Your job is to make sure that we only get named entities that are **languages**. Insert the approriate Python code below.

*Hint: Look at the examples above for guidance.*

In [11]:
languages = []

for named_entity in document.ents:
    if named_entity.label_ == "LANGUAGE":
        languages.append(named_entity.text)

languages_tally = Counter(languages)

df = pd.DataFrame(languages_tally.most_common(), columns = ['language', 'count'])
df

Unnamed: 0,language,count
0,English,10
1,Spanish,2


## Get Another Entity

|Type Label|Description|
|:---:|:---:|
|PERSON|People, including fictional.|
|NORP|Nationalities or religious or political groups.|
|FAC|Buildings, airports, highways, bridges, etc.|
|ORG|Companies, agencies, institutions, etc.|
|GPE|Countries, cities, states.|
|LOC|Non-GPE locations, mountain ranges, bodies of water.|
|PRODUCT|Objects, vehicles, foods, etc. (Not services.)|
|EVENT|Named hurricanes, battles, wars, sports events, etc.|
|WORK_OF_ART|Titles of books, songs, etc.|
|LAW|Named documents made into laws.|
|LANGUAGE|Any named language.|
|DATE|Absolute or relative dates or periods.|
|TIME|Times smaller than a day.|
|PERCENT|Percentage, including ”%“.|
|MONEY|Monetary values, including unit.|
|QUANTITY|Measurements, as of weight or distance.|
|ORDINAL|“first”, “second”, etc.|
|CARDINAL|Numerals that do not fall under another type.|


Based on the examples above, make a DataFrame of a different named entity from the *The House on Mango Street*.

In [15]:
entities = []

for named_entity in document.ents:
    if named_entity.label_ == 'NORP':
        entities.append(named_entity.text)

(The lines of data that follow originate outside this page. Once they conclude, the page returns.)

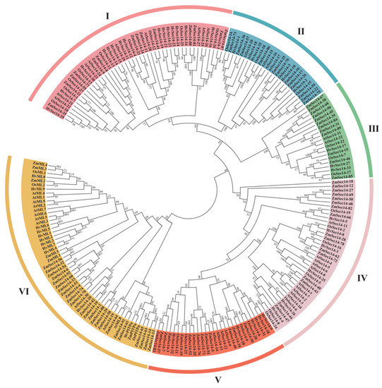 To investigate the phylogenetic relationship between rice PITPs family proteins and other crops such as maize, barley, and A. thaliana, we obtained 1, 1, and 0 OsPitpα homologous proteins, 92, 35, and 32 OsSec14 homologous proteins, and 5, 9, and 9 OsMl homologous proteins from maize, barley, and A. thaliana, correspondingly. By utilizing MEGA7.0 software, we conducted a cluster analysis, and the result was displayed in Figure 2. According to the genetic relationship of the 214 proteins in the phylogenetic tree, they were divided into six groups: I, II, III, IV, V, and VI, and there were variations in the species and quantity of species in different groups. OsPitpα protein and OsMl protein were in the same branch (VI) in the evolutionary tree. Rice OsSec14 protein did not belong to group VI and was different from OsSec14 protein in maize, barley, and A. thaliana. OsPitpα protein was primarily distributed in groups I and II, containing 8 and 7 OsSec14 proteins, respectively. These findings suggest that there are differences in homology between and within species during the evolution of PITPs. These distinctions may be related to the diverse functions of PITPs in plants.
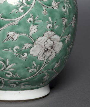 本品规格为27.3 厘米。此瓶为长颈瓶造型,颈部修长,腹部圆润饱满,底部为圈足,整体线条流畅优美。瓶身以绿色为地,采用墨彩绘制缠枝花卉纹,花卉形态各异,缠枝婉转灵动,纹饰线条细腻流畅,墨彩与绿地相互映衬,色彩搭配和谐雅致,给人一种清新且富有艺术感的视觉效果,釉面光滑莹润,尽显清代瓷器的工艺之美。
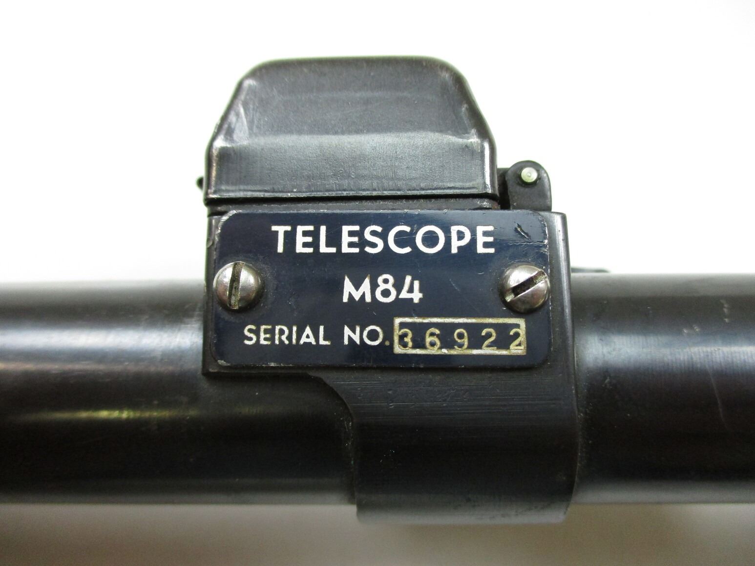 WWII U.S. M84 SNIPER SCOPE, FITS M1 GARAND RIFLES, CLEAR OPTICS WITH RETICLE, WITH EYE CUP, SLIDING SUN SHADE, ELEVATION & WINDAGE COVERS, MARKED: "TELESCOPE M84, SERIAL # 36922". LOT ALSO INCLUDES; NOS MRT CHEEK PAD & SPARE RUBBER EYE CUP. SEE PHOTOS.
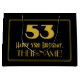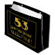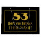 This vintage look 1920s-1930s appearance inspired birthday-themed gift bag design features a large art deco look inspired number "53", the message "Happy 53rd Birthday,", a customisable name, and a border pattern consisting of thin lines. It has a black-coloured background. A gift bag like this might be used when giving a gift or present in honour of somebody’s fifty third birthday. [~Z0000501]
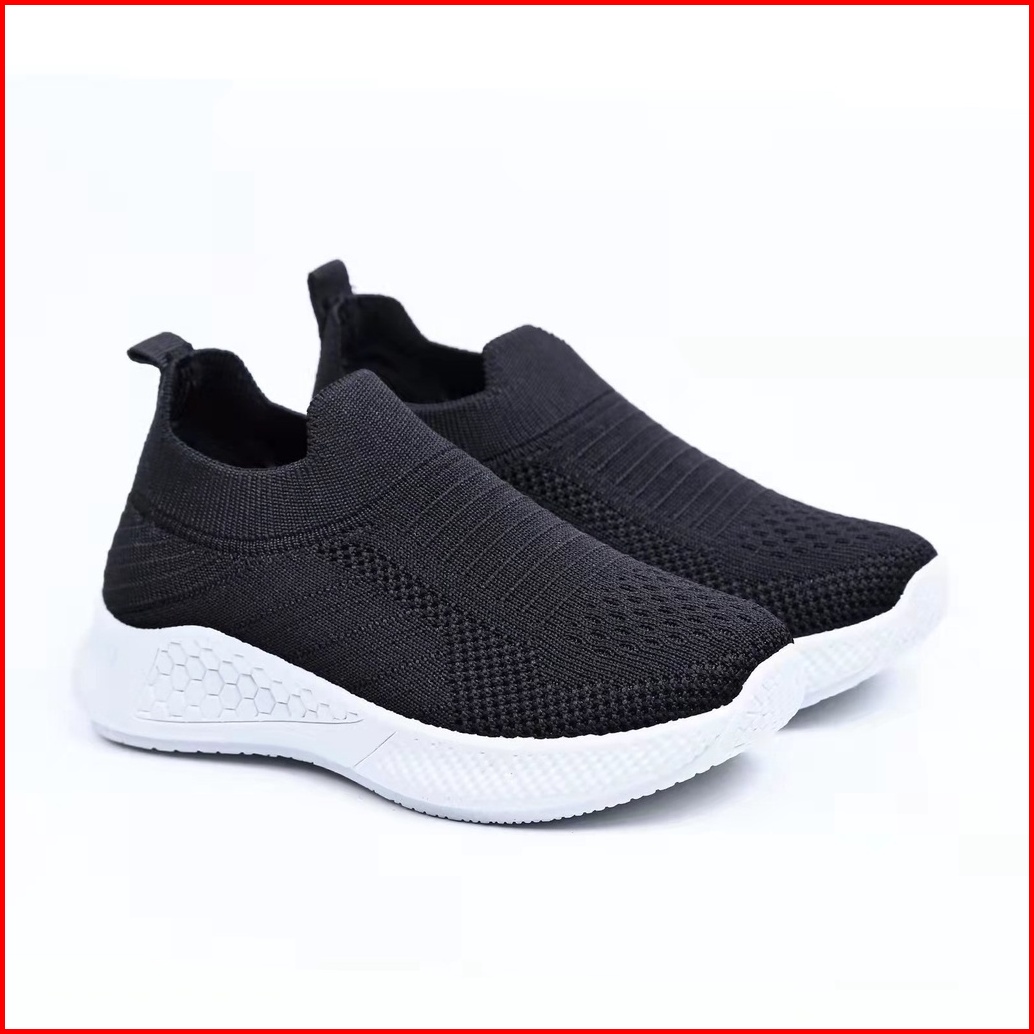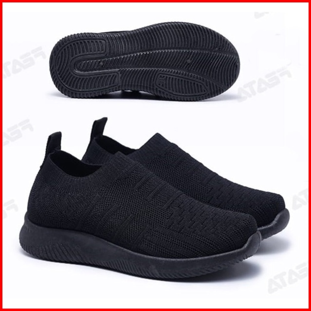 Sepatu Sekolah Anak Ukuran 29-40 Full Hitam Sneakers Hitam Tanpa Tali - A61-h
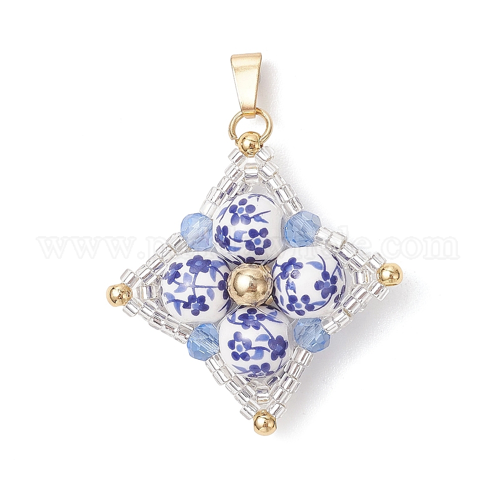 Подвески из фарфора и керамики с цветочным принтом ручной работы, звезда очарование, со стеклом, латунью и 304 нержавеющей сталью (03AKSS)

entity_tally = Counter(entities)

df = pd.DataFrame(entity_tally.most_common(), columns=['entity', 'count'])
df

Unnamed: 0,entity,count
0,Spanish,5
1,Chinese,2
2,Mexican,1
3,Mexicans,1
4,Puerto Rican,1
5,Spartans,1
6,Catholic,1
7,Oriental,1
8,Southern,1
9,English,1


## Discussion

- How well does spaCy's NER seem to be performing?
- What does it do well or not so well?
- How could you imagine researchers or data scientists using NER?